I’ve had rainbows in my clouds. And the thing to do, it seems to me, is to prepare yourself so that you can be a rainbow in somebody else’s cloud. Somebody who may not look like you, may not call God the same name you call God, if they call God at all! You see? And may not eat the same dishes prepared the way you do. May not dance your dances. Or speak your language. But be a blessing… to somebody. That’s what I think.”
—Dr. Maya Angelou
(April 4, 1928 – May 28, 2014)
I was in my bedroom idly assembling furniture when I first heard this. As I knelt over small-printed instructions, Maya’s words kind of laid across my back and caressed it. Down my spine with a playful tickle.

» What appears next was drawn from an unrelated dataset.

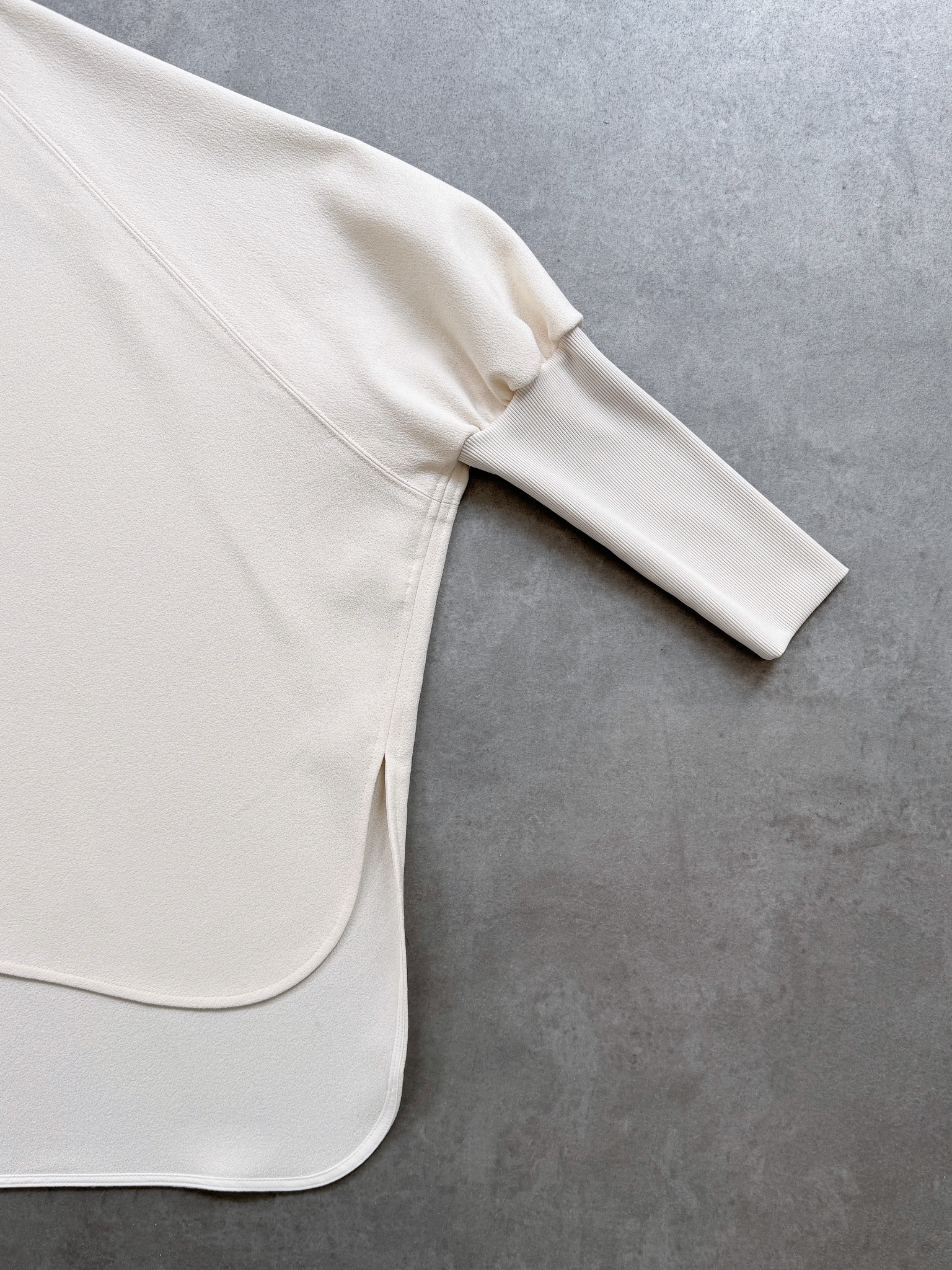 ワイドなシルエットが抜け感を演出してくれるガゼットジョーゼット素材のトップス。
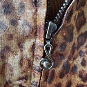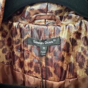 This Samuel Dong trenchcoat features an animal print outer shell made of acrylic material. The coat is accented with a zipper closure and a belted waist. It is suitable for various occasions such as parties, casual outings, business meetings, and formal events. The coat is a size medium and has regular fit. It should be dry cleaned only for proper care. Great high collar and wider sleeves for a designer look!

Circled around my torso to give a loving little squeeze. And then they all filed inside me to a place in my heart where they stayed.
I was already inching toward leaving my church. I felt that the experience of God I wanted couldn’t happen within its confines. So when she said somebody “may not call God the same name you call God,” a truth crystallized for me. That was the God I wanted to know. A singular one… accessible to everyone.
I believe there is only one God. One savior. One Holy Spirit. One creator of us all. The way I grew up, I know him as Jesus. But if someone from another country, speaking another language, eating their different dishes, and dancing their not-my-dances encountered my God… how would they know what to call Him?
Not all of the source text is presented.